I am of the opinion that it is possible in the right interpretation, but it is too easy to misstate the question or misunderstand the answer.
The question posed here is to find rational approximation(s) to a given floating point value.
This is certainly possible since floating point formats used in C++ can only store rational values, most often in the form of sign/mantissa/exponent. Taking IEEE-754 single precision format as an example (to keep the numbers simpler), 0.333 is stored as 1499698695241728 * 2^(-52). That is equivalent to the fraction 1499698695241728 / 2^52 whose convergents provide increasingly accurate approximations, all the way up to the original value: 1/3, 333/1000, 77590/233003, 5586813/16777216.
Two points of note here.
For a variable float x = 0.333; the best rational approximation is not necessarily 333 / 1000, since the stored value is not exactly 0.333 but rather 0.333000004291534423828125 because of the limited precision of the internal representation of floating points.
Once assigned, a floating point value has no memory of where it came from, or whether the source code had it defined as float x = 0.333; vs. float x = 0.333000004; because both of those values have the same internal representation. This is why the (related, but different) problem of separating a string representation of a number (for example, a user-entered value) into integer and fractional parts cannot be solved by first converting to floating point then running floating point calculations on the converted value.
[ EDIT ]   Following is the step-by-step detail of the 0.333f example.
The code to convert a float to an exact fraction.
#include <cfloat>
#include <cmath>
#include <limits>
#include <iostream>
#include <iomanip>
void flo2frac(float val, unsigned long long* num, unsigned long long* den, int* pwr)
{
float mul = std::powf(FLT_RADIX, FLT_MANT_DIG);
*den = (unsigned long long)mul;
*num = (unsigned long long)(std::frexp(val, pwr) * mul);
pwr -= FLT_MANT_DIG;
}
void cout_flo2frac(float val)
{
unsigned long long num, den; int pwr;
flo2frac(val, &num, &den, &pwr);
std::cout.precision(std::numeric_limits<float>::max_digits10);
std::cout << val << " = " << num << " / " << den << " * " << FLT_RADIX << "^(" << pwr << ")" << std::endl;
}
int main()
{
cout_flo2frac(0.333f);
}
Output.
0.333000004 = 11173626 / 16777216 * 2^(-1)
This gives the rational representation of float val = 0.333f; as 5586813/16777216.

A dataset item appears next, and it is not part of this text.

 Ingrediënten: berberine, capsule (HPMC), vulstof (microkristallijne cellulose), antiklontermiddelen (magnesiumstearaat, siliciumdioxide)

What remains to be done is determine the convergents of the exact fraction, which can be done using integer calculations, only. The end result is (courtesy WA):
0, 1/3, 333/1000, 77590/233003, 5586813/16777216
I came up with an algorithm for this problem, but I think it is too lengthy and can be accomplished with less lines of code. Sorry about the poor indentation it is hard trying to align everything on overflow.
#include <iostream>
using namespace std;
// converts the string half of the inputed decimal number into numerical values void converting
(string decimalNumber, float&numerator, float& denominator )

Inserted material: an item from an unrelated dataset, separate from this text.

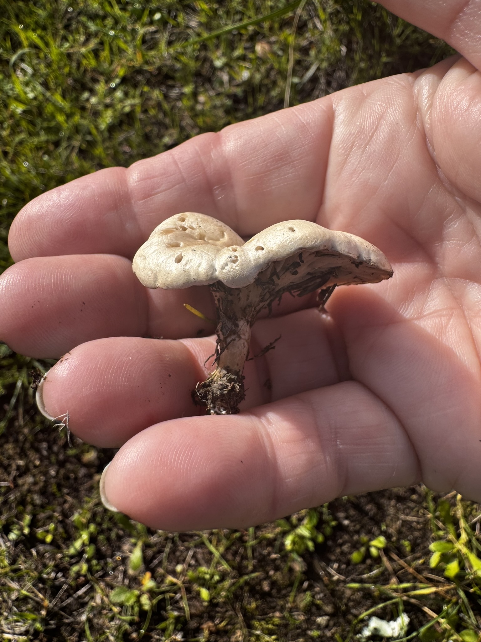 Stiel: zentral, oft exzentrisch oder auch seitlich, blassbeige.

{ float number; string valueAfterPoint =decimalNumber.substr(decimalNumber.find("." ((decimalNumber.length() -1) )); // store the value after the decimal into a valueAfterPoint
int length = valueAfterPoint.length(); //stores the length of the value after the decimal point into length
numerator = atof(valueAfterPoint.c_str()); // converts the string type decimal number into a float value and stores it into the numerator
// loop increases the decimal value of the numerator by multiples of ten as long as the length is above zero of the decimal
for (; length > 0; length--)
numerator *= 10;
do
denominator *=10;
while (denominator < numerator);
// simplifies the the converted values of the numerator and denominator into simpler values for an easier to read output
void simplifying (float& numerator, float& denominator) { int maximumNumber = 9; //Numbers in the tenths place can only range from zero to nine so the maximum number for a position in a position for the decimal number will be nine
bool isDivisble; // is used as a checker to verify whether the value of the numerator has the found the dividing number that will a value of zero
// Will check to see if the numerator divided denominator is will equal to zero
if(int(numerator) % int(denominator) == 0) {
numerator /= denominator;
denominator = 1;
return; }
//check to see if the maximum number is greater than the denominator to simplify to lowest form while (maximumNumber < denominator) { maximumNumber *=10; }
// the maximum number loops from nine to zero. This conditions stops if the function isDivisible is true
for(; maximumNumber > 0;maximumNumber --){
isDivisble = ((int(numerator) % maximumNumber == 0) && int(denominator)% maximumNumber == 0);
if(isDivisble)
{
numerator /= maximumNumber; // when is divisible true numerator be devided by the max number value for example 25/5 = numerator = 5
denominator /= maximumNumber; //// when is divisible true denominator be devided by themax number value for example 100/5 = denominator = 20
}
// stop value if numerator and denominator is lower than 17 than it is at the lowest value
int stop = numerator + denominator;
if (stop < 17)
{
return;
} } }
I agree completely with dxiv's solution but I needed a more general function (I threw in the signed stuff for fun because my use cases only included positive values):
#include <concepts>
/**
* \brief Multiply two numbers together checking for overflow.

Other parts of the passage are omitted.